TASK GOAL: With pictures left out, retype the lines from the start of the records through the one that contains "Природные чрезвычайные ситуацииПриродные".

Records from a dataset
********
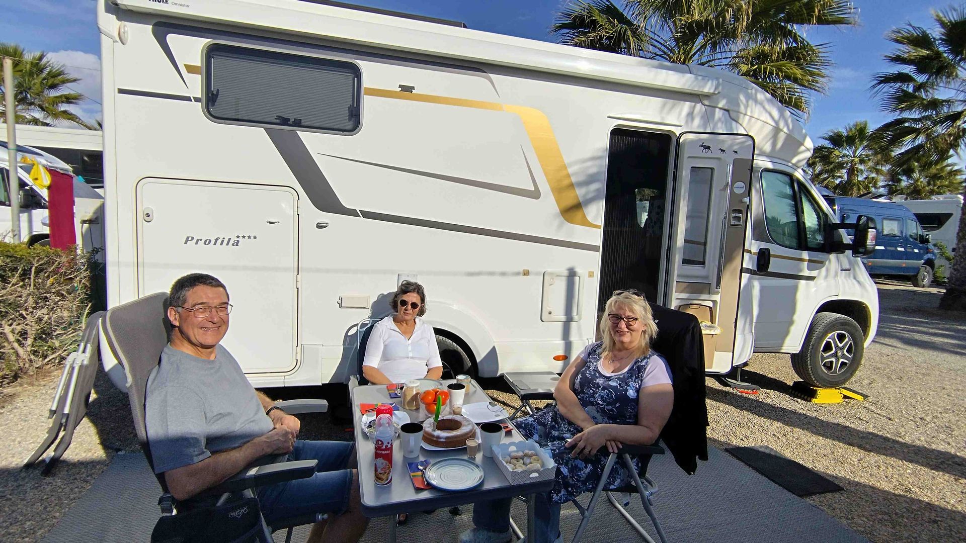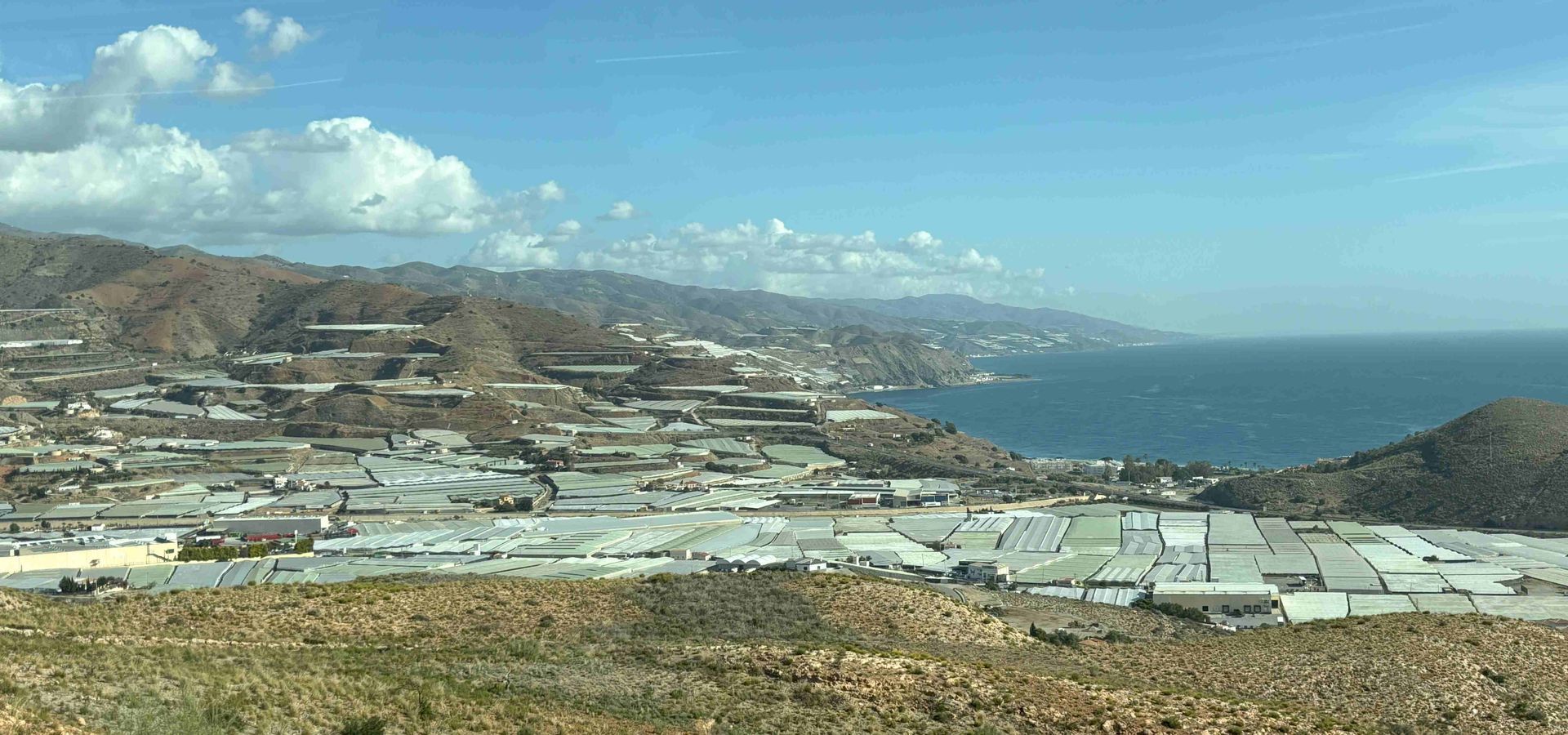Jetzt sind wir am Ziel, am Meer. Wir kommen zuerst ans weisse Plastikmeer. Es sind die Gewächshäuser, in denen das Sommergemüse wächst, das wir im Winter essen. In Balerma bei Almeria haben wir mit Monica und Peter abgemacht, die wir in Trondheim kennenlernten. Sie begrüssen uns mit Hallo und feinem Haselnusskuchen. Wir haben viel zu erzählen und geniessen den Abend.
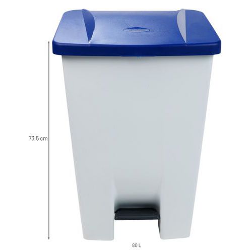 Mobil søppelbøtte som er lett å styre med sine 2 glatte hjul og transporthåndtak. Bred pedal på forsiden for enkel åpning. Ergonomisk for enkel flytting. Fargede lokk for sortering. Enkel å rengjøre.
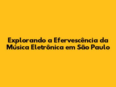 O Cenário da Música Eletrônica em São Paulo
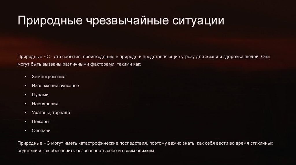 Природные чрезвычайные ситуацииПриродные ЧС - это события, происходящие в природе и представляющие угрозу для жизни и здоровья людей. Они
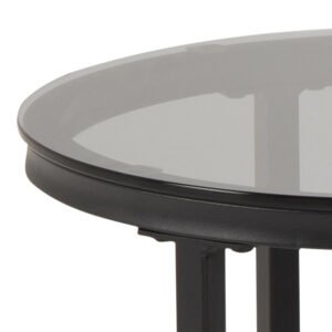 Enhance your living area with this sophisticated set of two coffee tables, each featuring a chic black marble effect top paired with smoked tempered glass. The matte black steel base adds a touch of elegance, making them a perfect match for any modern decor.
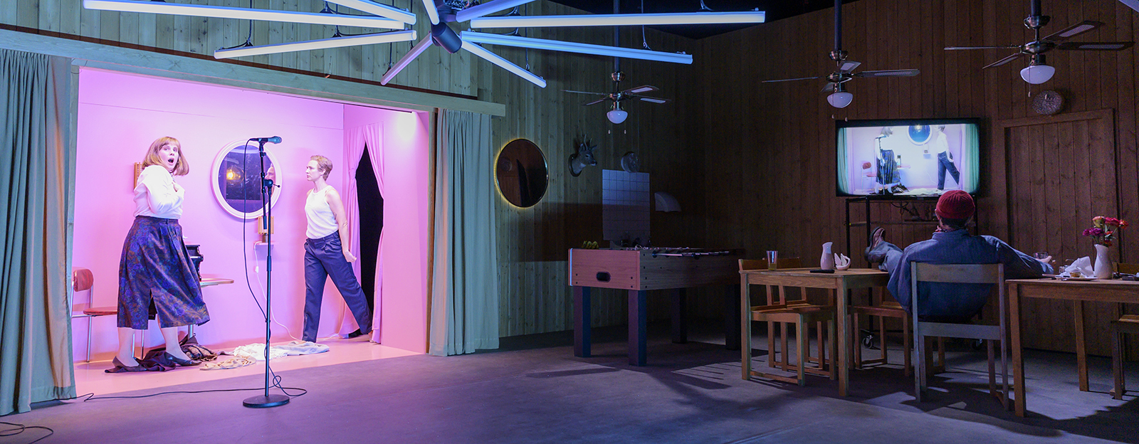 Boka TeatermiddagAv Lukas Bärfuss Översättning Marc Matthiesen Regi Ildikó Gáspár Skådespelare Victoria Dyrstad, Fredrik Evers, Karin de Frumerie, Josefin Ljungman, Ylva Olaison, Emilie Strandberg, Jesper Söderblom, Carl-Markus Wickström Scenografi och kostym Lili Izsák Mask Katrin Lind Ljusdesign Tamás Bányai Ljud Marcus Lilja Video András Juhász Musik Tamás Matkó Dramaturg Joel Nordström
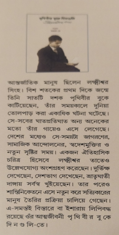 আন্তর্জাতিক মানুষ ছিলেন লক্ষ্মীশ্বর সিংহ। বিশ শতকের প্রথম দিকে জন্মে তিনি সাতটি দশক পৃথিবীর বুকে কাটিয়েছেন, তাঁর সময়কালে দুনিয়া তোলপাড় করা একাধিক ঘটনা ঘটেছে। সে-সবের ঘাতপ্রতিঘাত অন্য অনেকের মতো তাঁর গায়েও এসে লেগেছে। দেশের মধ্যেও সে-সময়টা জাগরণের, সামাজিক আন্দোলনের, স্বদেশমুক্তির ও নতুন সৃষ্টির সময়। একজন ঐতিহাসিক চরিত্র হিসেবে লক্ষ্মীশ্বর তাতেও উল্লেখযোগ্য অংশগ্রহণ করেছেন। দুর্ভিক্ষ দেখেছেন, দেশভাগ দেখেছেন, ভ্রাতৃঘাতী দাঙ্গায় সর্বস্ব খুইয়েছেন। তার পরেও শান্তিনিকেতনে এসে নতুন করে সত্যিকারের মানুষ তৈরির প্রক্রিয়া চালিয়ে গেছেন। এ-সমস্তই বিস্তারে বা ইশারায় লিপিবদ্ধ রয়েছে ওঁর আত্মজীবনী পৃথিবীর বুকে দিন গুলি-তে।
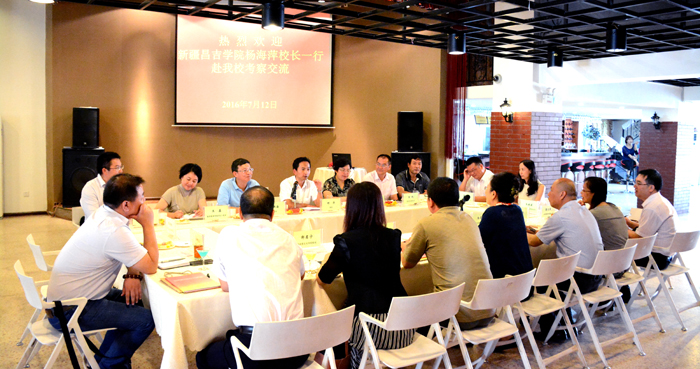7月12日,新疆昌吉学院校长杨海萍,党委副书记管白楠率马克思主义学院、中文系、数学系、体育系、初等教育学院、美术系、发规处、对外合作办公室等部门负责人到新葡萄官网考察交流。
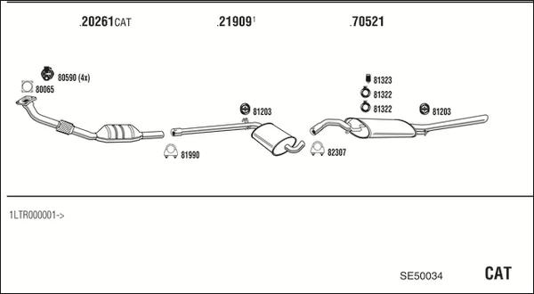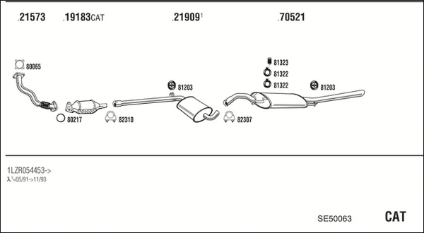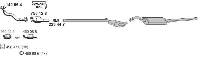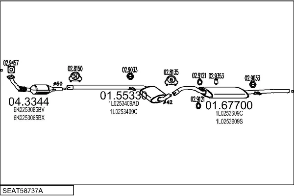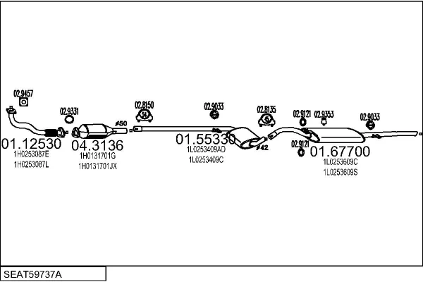 SEAT TOLEDO I (1L2) 1.6 i - Výfukový systém - kompletní od 1/1993 do 3/1999, 1595 ccm, 55 kW, 75 hp, 1F, Šikmá zadní část
********
SOLVED PROBLEM:
Jetzt sind wir am Ziel, am Meer. Wir kommen zuerst ans weisse Plastikmeer. Es sind die Gewächshäuser, in denen das Sommergemüse wächst, das wir im Winter essen. In Balerma bei Almeria haben wir mit Monica und Peter abgemacht, die wir in Trondheim kennenlernten. Sie begrüssen uns mit Hallo und feinem Haselnusskuchen. Wir haben viel zu erzählen und geniessen den Abend.
 Mobil søppelbøtte som er lett å styre med sine 2 glatte hjul og transporthåndtak. Bred pedal på forsiden for enkel åpning. Ergonomisk for enkel flytting. Fargede lokk for sortering. Enkel å rengjøre.
 O Cenário da Música Eletrônica em São Paulo
 Природные чрезвычайные ситуацииПриродные ЧС - это события, происходящие в природе и представляющие угрозу для жизни и здоровья людей. Они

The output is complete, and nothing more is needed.